Em nenhuma cena o diálogo surge como elemento preponderante. É sempre um detalhe, um elemento integrante da parte sonora que atua na composição das sucessivas cenas. Um ritmo leve, vivaz, compassado em diversos trechos com efeitos burlescos, vai do começo ao fim sem a menor dissonância. Destarte, a eficiência da atuação dos intérpretes perde muito de sua importância como fator preponderante para que se alcance o resultado previsto. Basta um bom tipo caricato, uma posição ridícula, uma situação engraçada. "Les Vacances de M. Hulot" satisfaz plenamente quanto a êsse ponto com uma excelente galeria de figuras: aquela típica "miss" inglesa, apaixonada pelo tenis e que procura flertar com Hulot; o estranho casal de velhos, naquele seu constante e silencioso perambular, o marido sempre, alguns passos atraz, a observar atentamente tudo que ocorre; o garçon e o dono do hotel, também extremamente silenciosos, cujas preocupações e desconfianças são apenas moduladas por um mover de olhos; o velho militar aposentado, excessivamente palrador, e que a tôdas as atividades em conjunto procura dar um cunho de manobras; o sul-americano que passa os dias a bebericar ou a jogar cartas; e, finalmente, êsse extraordinário M. Hulot, que não fala mais de dez palavras durante o desenrolar do filme, que anda quase que em passo de ballet e cuja movimentação ininterrupta vem perturbar a tediosa calma dos hóspedes do balneário.

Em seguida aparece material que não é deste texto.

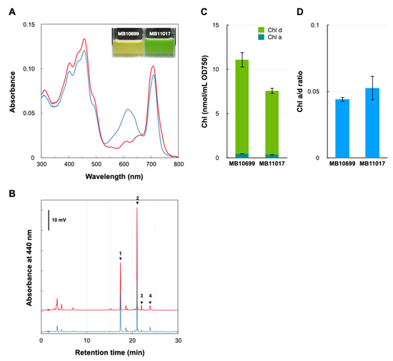 Comparison of cellular pigments between two Acaryochloris strains. (A) In vivo cellular spectra of A. marina MBIC10699 (red) and A. marina MBIC11017 (blue). Inset: picture of each culture. (B) HPLC profile of total pigments extracted with methanol from cells of A. marina MBIC10699 (red) and A. marina MBIC11017 (blue) monitored by absorption at 440 nm. Each arrow indicates zeaxanthin (1), Chl d (2), Chl a (3), and α-carotene (4), respectively. (C) The amounts of Chl a (dark green) and Chl d (green) were measured in two Acaryochloris strains. (D) The ratio of cellular Chl a/d amounts in the two Acaryochloris strains.
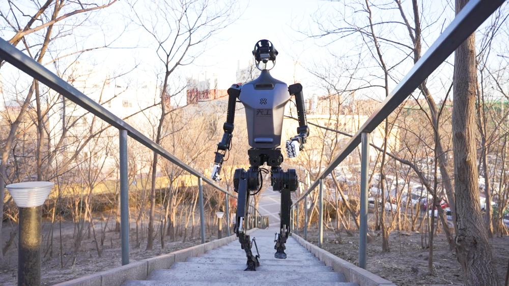 近日,国地共建具身智能机器人创新中心(北京市人形机器人创新中心有限公司)自主研发的“天工”人形机器人顺利完成技术升级。在户外真实地形测试中,“天工”成功登上北京市通州区海子墙公园最高点,成为全球首个能在室外连续攀爬多级阶梯的人形机器人。该机器人通过多能具身智能体“开物”所包含的具身“大脑”和具身“小脑”,实现了“感知行走”,能在行进中瞬间“看清”前方地形并立即生成对环境的准确分析,实时调整全身动作与步态,自如应对各种台阶路况。

Uma série de situações originais, de preciosos achados cômicos, revigoram permanentemente a vivacidade da sátira. Logo de inicio, temos a cena da estação, quando um alto-falante mal sincronizado desorienta o grupo de pessoas que espera o trem, fazendo que troquem de plataforma a todo instante. Deve ser também lembrada a sucessão de malentendidos na praia, quando o hóspede que tirava fotografias da família recebe um pontapé de Hulot, que julgava, pela posição, estivesse a observar sua partenaire a trocar de roupa na cabina. O dono do hotel a investigar, pelas pegadas, quem lhe sujava o assoalho, a ginástica, o jôgo de tenis, a féerie dos fogos e, finalmente, duas sequências antológicas: a homérica viagem de Hulot, com seu desconjuntado e bizarro automóvel e a cena do entêrro, à qual o protagonista vai ter por acaso e lá desencadeia uma sucessão de quiproquós, fazendo assim que a solenidade termine com os participantes às gargalhadas.

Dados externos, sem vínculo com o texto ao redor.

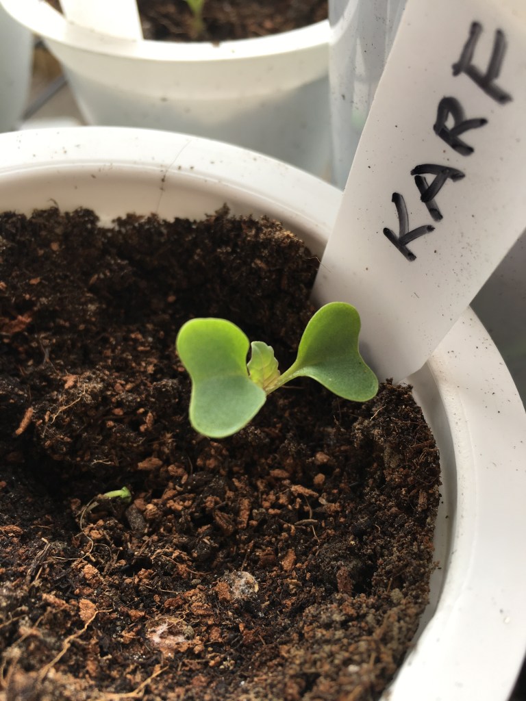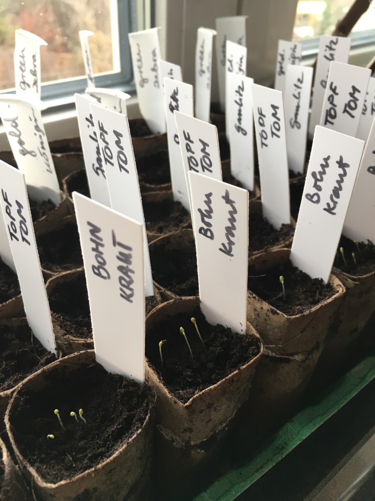 Bei den Temperaturschwankungen ist es täglich ein Rein-und Raustragen der Pflanzwagerl. Doch hat sich dieses System das ich dieses Jahr das erste Mal ausprobiere, sehr gut bewährt. An sehr kalten Tagen, stelle ich die Wagerl auf das Fensterbrett bzw. zur Terassentüre. Bei den derzeitigen Lichtverhältnissen ist es besonders wichtig, den kleinen Pflanzen viel natürliches Tageslicht bei nicht zu hohen Temperaturen zu geben. Bei zu wenig Licht „vergeilen“ die Pflanzen, sie wachsen zu schnell in die Höhe, werden damit zu dünn und schwach.
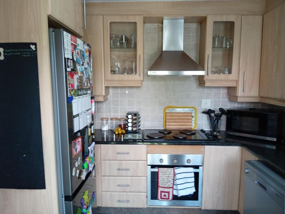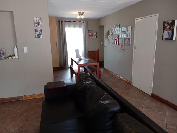 This 126 sqm residential property in Eden Glen, Edenvale, offers comfortable living within a secure complex. The interior features three bedrooms and two bathrooms, alongside a functional kitchen equipped with modern integrated appliances, light wood-tone cabinetry, and dark countertops. Enjoy a dedicated lounge, dining room, and family TV room, all with durable tiled flooring. Outdoor amenities include a private tiled patio, front and back garden, and access to a communal pool and braai area, perfect for relaxation. The property benefits from excellent security, including 24-hour security, electric fencing, access gates, and an intercom system, ensuring peace of mind. Fibre connectivity is available, and pets are allowed.

Mas o filme não permanece somente no terreno da sátira de costumes. Há um sentido ainda mais profundo a ser deduzido: a frivolidade e o tédio da burguesia no mundo atual, um mundo de habitantes cansados, incapacitados para as alegrias mais simples que a vida oferece. Tudo constitui motivo de aborrecimento menos para Hulot e a jovem loura. Exemplo significativo é o baile de máscaras, ao qual apenas os dois e algumas crianças comparecem e cujo ruído incomoda os hóspedes que preferiram ficar jogando cartas ou então a ouvir o rádio. Aliás, é pelo som que se consumam diversos momentos de comicidade, sendo que alguns dos efeitos sublinham quase que tôda a película, como a porta do refeitório, rangendo sempre que alguem a abre, o jazz de Hulot e o rádio do salão.
Quanto a Jacques Tati, não e um intérprete fisionômicamente expressivo, mas sua movimentação e seus gestos conferem ao personagem uma exuberante vivacidade. Sua figura avulta com mais importância no tocante à concepção que possui como realizador, já: que "As Férias de M. Hulot" é um filme admirável, a melhor comédia aqui exibida ultimamente.